Journal of Optimization Theory and Applications, 2025, vol. 206, issue 1, No 21, 24 pages

Abstract: Abstract Usually, log-likelihood functions fail to satisfy the classical assumptions of strong convexity and Lipschitz-continuity of the gradient (as well as many of their mild counterparts) that are common in general convergence results for stochastic gradient descent algorithms. Therefore, the use of gradient descent schemes to track the maxima of a sequence of objective log-likelihood functions suffers from the lack of theoretical results that guarantee the validity of the method. In this paper, we propose a simplified online scheme to track unknown dynamic parameters that are the optima of a sequence of objective log-likelihood functions.
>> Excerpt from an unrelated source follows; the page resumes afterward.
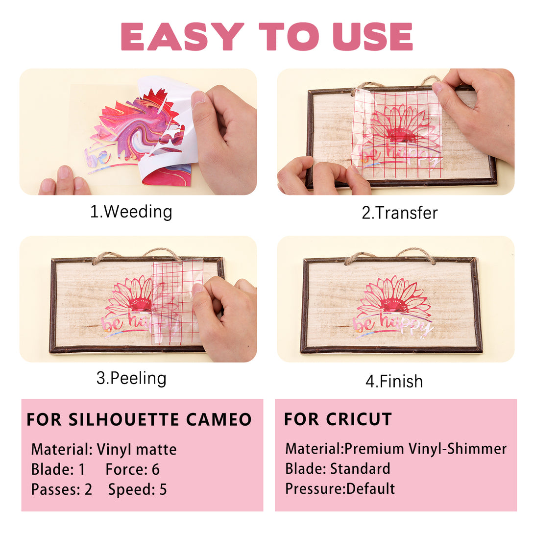 【Working Easy on Cut, Weed & Transfer】This adhesive vinyl is working easily on cut, weed and transfer your designs. Make it easier to do it yourself.

Under a Lipschitz assumption on the time varying optimum we demonstrate that our estimator achieves mean square convergence up to a neighborhood of the optimum, and we establish that the Lipschitz continuity assumption is necessary when a specific desirable property is imposed. The method is inspired by a Taylor expansion of the log-likelihood function around the maximum likelihood estimator, and rigorously justified by the expression for the Riemannian gradient of the log-likelihood of a multivariate Gaussian distribution.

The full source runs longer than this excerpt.